Hi,
I am experiencing a weird error that suddenly popped up in my unit tests. I
have a couple of HDFS files in JSON format and my test is basically
creating a JsonRDD and then issuing a very simple SQL query over it. This
used to work fine, but now suddenly I get:
15:58:49.039 [Executor task launch worker-1] ERROR executor.Executor -
Exception in task 1.0 in stage 29.0 (TID 117)
scala.MatchError: 14452800566866169008 (of class java.math.BigInteger)

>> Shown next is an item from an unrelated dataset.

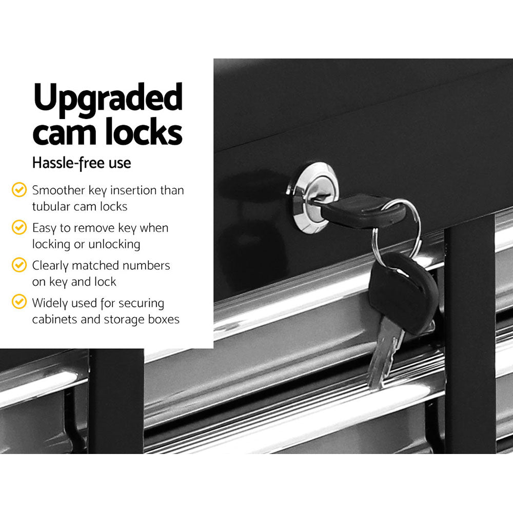 Made from thick high-tensile powder-coated steel, our Giantz Tool Chest is built to keep your precious tools in their proper place with drawers that are specifically designed to cater to various tool sizes with its spacious and multi-sized ten drawers. From top to bottom, each drawer slides in and out effortlessly on quality ball bearings incorporated into the metal drawer runners. Each drawer is also lined to protect your tools and keep them from moving about. Not least, the tool chest is installed with upgraded cam locks for added security.

at org.apache.spark.sql.json.JsonRDD$.toLong(JsonRDD.scala:282)
at org.apache.spark.sql.json.JsonRDD$.enforceCorrectType(JsonRDD.scala:353)
at
org.apache.spark.sql.json.JsonRDD$$anonfun$org$apache$spark$sql$json$JsonRDD$$asRow$1$$anonfun$apply$12.apply(JsonRDD.scala:381)
at scala.Option.map(Option.scala:145)
at
org.apache.spark.sql.json.JsonRDD$$anonfun$org$apache$spark$sql$json$JsonRDD$$asRow$1.apply(JsonRDD.scala:380)
at
org.apache.spark.sql.json.JsonRDD$$anonfun$org$apache$spark$sql$json$JsonRDD$$asRow$1.apply(JsonRDD.scala:365)
at
scala.collection.mutable.ResizableArray$class.foreach(ResizableArray.scala:59)
at scala.collection.mutable.ArrayBuffer.foreach(ArrayBuffer.scala:47)
at
org.apache.spark.sql.json.JsonRDD$.org$apache$spark$sql$json$JsonRDD$$asRow(JsonRDD.scala:365)
at
org.apache.spark.sql.json.JsonRDD$$anonfun$jsonStringToRow$1.apply(JsonRDD.scala:38)
at
org.apache.spark.sql.json.JsonRDD$$anonfun$jsonStringToRow$1.apply(JsonRDD.scala:38)
...
java.util.concurrent.ThreadPoolExecutor.runWorker(ThreadPoolExecutor.java:1145)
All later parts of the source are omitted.